El Rhazoui’s “relative position of power”


Shulevitz ends that op-ed with a story that needs separate treatment, because it’s a whole other issue, and one I have very strong feelings about.

A few weeks ago, Zineb El Rhazoui, a journalist at Charlie Hebdo, spoke at the University of Chicago, protected by the security guards she has traveled with since supporters of the Islamic State issued death threats against her. During the question-and-answer period, a Muslim student stood up to object to the newspaper’s apparent disrespect for Muslims and to express her dislike of the phrase “I am Charlie.”

Ms. El Rhazoui replied, somewhat irritably, “Being Charlie Hebdo means to die because of a drawing,” and not everyone has the guts to do that (although she didn’t use the word guts). She lives under constant threat, Ms. El Rhazoui said. The student answered that she felt threatened, too.

A few days later, a guest editorialist in the student newspaper took Ms. El Rhazoui to task. She had failed to ensure “that others felt safe enough to express dissenting opinions.” Ms. El Rhazoui’s “relative position of power,” the writer continued, had granted her a “free pass to make condescending attacks on a member of the university.” In a letter to the editor, the president and the vice president of the University of Chicago French Club, which had sponsored the talk, shot back, saying, “El Rhazoui is an immigrant, a woman, Arab, a human-rights activist who has known exile, and a journalist living in very real fear of death. She was invited to speak precisely because her right to do so is, quite literally, under threat.”
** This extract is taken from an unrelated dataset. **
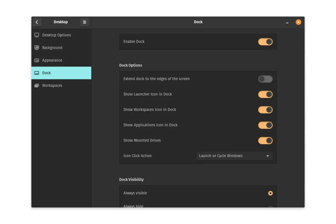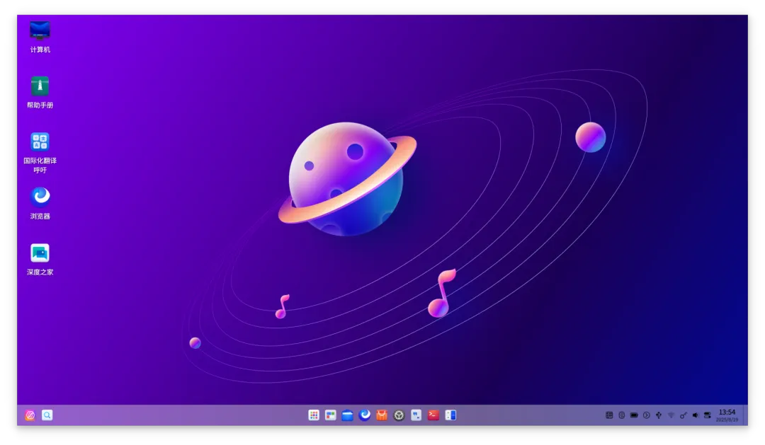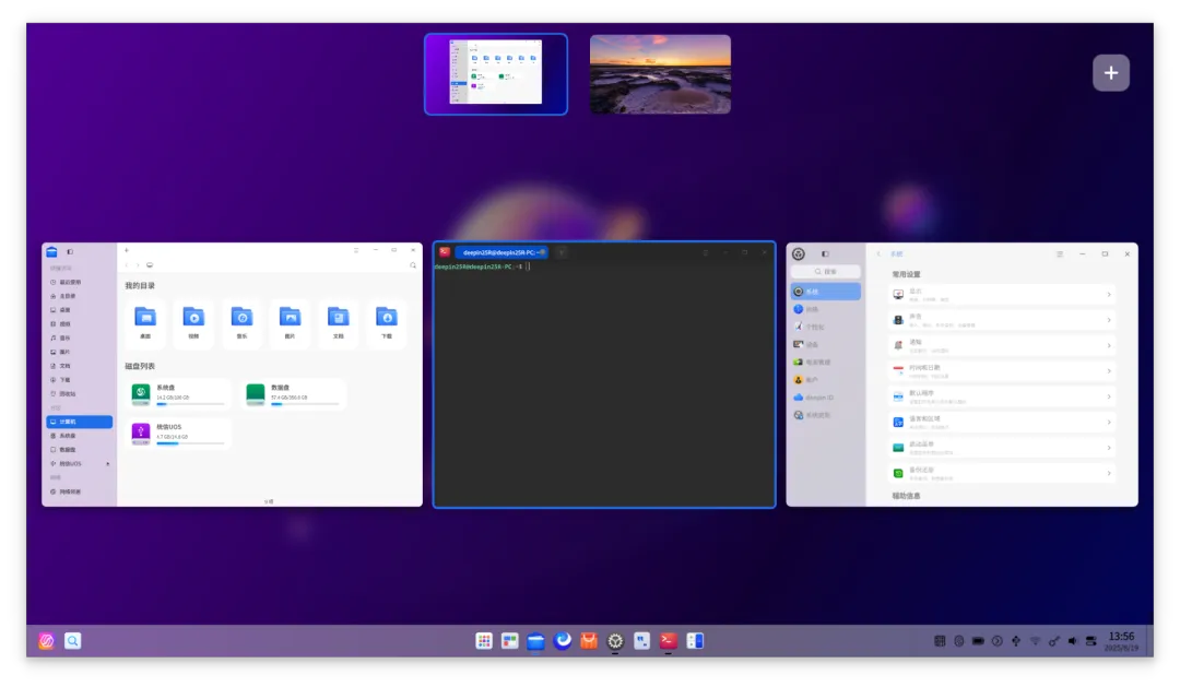 Deepin 的 DDE 桌面环境的亮点是 漂亮的动画效果、精致的图标和现代感十足的控制中心。任务栏可以在 macOS 的 Dock 模式和 Windows 的任务栏模式之间切换。整体视觉效果非常统一,自带的应用商店和原生应用也都经过了精心设计。

The response of the student in the audience makes me want to punch a wall. She does not “feel threatened, too” – not in the sense that Zineb El Rhazoui does. A number of El Rhazoui’s colleagues and friends were murdered just a few weeks ago, and allies of the murderers have made death threats against her on social media. Zineb El Rhazoui is an ex-Muslim, an apostate, an unbeliever – when she says she lives under constant threat she doesn’t mean people disputing her ideas, she means people who would be happy to shoot her with machine guns.

Those students don’t know they’re born.

Comments

  1. Crimson Clupeidae says

    Being afraid of expressing an unpopular opinion because, you know, someone might disagree with it, is totally and completely exactly precisely and in all other ways the same as being threatened and/or killed for it.

    Totally….

  2. PatrickG says

    The real question is: was there a room with puppy videos available for that poor student?

    I mean, the trauma of it all…

  3. says

    Hmmm, I get where you’re coming from Ophelia, but Ally Fogg had an interesting thing to say about this particular news piece as a small section of a much broader topic:

    Take the examples in Shulevitz’s piece. At a lecture by a Charlie Hebdo journalist, a Muslim student stood up at the end, raised concerns about Islamaphobia and said that “she felt threatened too.” An exchange of opinions then followed in the student newspaper.

    We are clearly meant to mock the student, comparing herself to a Charlie Hebdo journalist in the aftermath of the slaughter in Paris. But what Shulevitz did not mention is that the lecture was held 15 days after the brutal murder of three Muslim American students in Chapel Hill, 14 days after a Muslim family had been assaulted while shopping in Michigan, while Mosques were being firebombed and vandalised across the US and numerous Muslim organisations were receiving specific death threats. Whatever one’s views on the (complex) politics of Charlie Hebdo and broader issues of Islamophobia, I’d suggest that “feeling threatened” was not necessarily an unreasonable reaction for a Muslim student.

  4. johnthedrunkard says

    The ‘poor oppressed muslims’ trope is a disgusting attempt to shift attention. Why not invoke all the burnt churches and abducted children in Nigeria?

    More puppy videos for Maiduguri!

  5. says

    while Mosques were being firebombed and vandalised across the US

    What? What does that refer to? Are there mass firebombings of mosques going on all the time? I don’t think so. That looks like a very loose and hyperbolic claim to me.

  6. says

    And what that passage still overlooks or minimizes is the fact that Zineb El Rhazoui got specific, personal death threats sent to her personally along with her home address. Days after 9 of her colleagues were murdered in their office. No, I don’t believe that student felt threatened the same way, and no, I don’t think she was right to respond to Zineb El Rhazoui the way she did.

  7. says

    Yeah, I think I do swing more towards your viewpoint. I just get worried about dehumanisation (it’s happening SO much in Australia, from Muslims to Aboriginal Australians to women), and it makes me a little uneasy to hear a minority expressing a fear and then being roundly dismissed. I don’t know what to feel about it really…

  8. says

    Everything that’s happening is pretty horrible all the time now (well, it probably was somewhat like this for…basically forever, but now is the time that I live in and am paying attention to the most).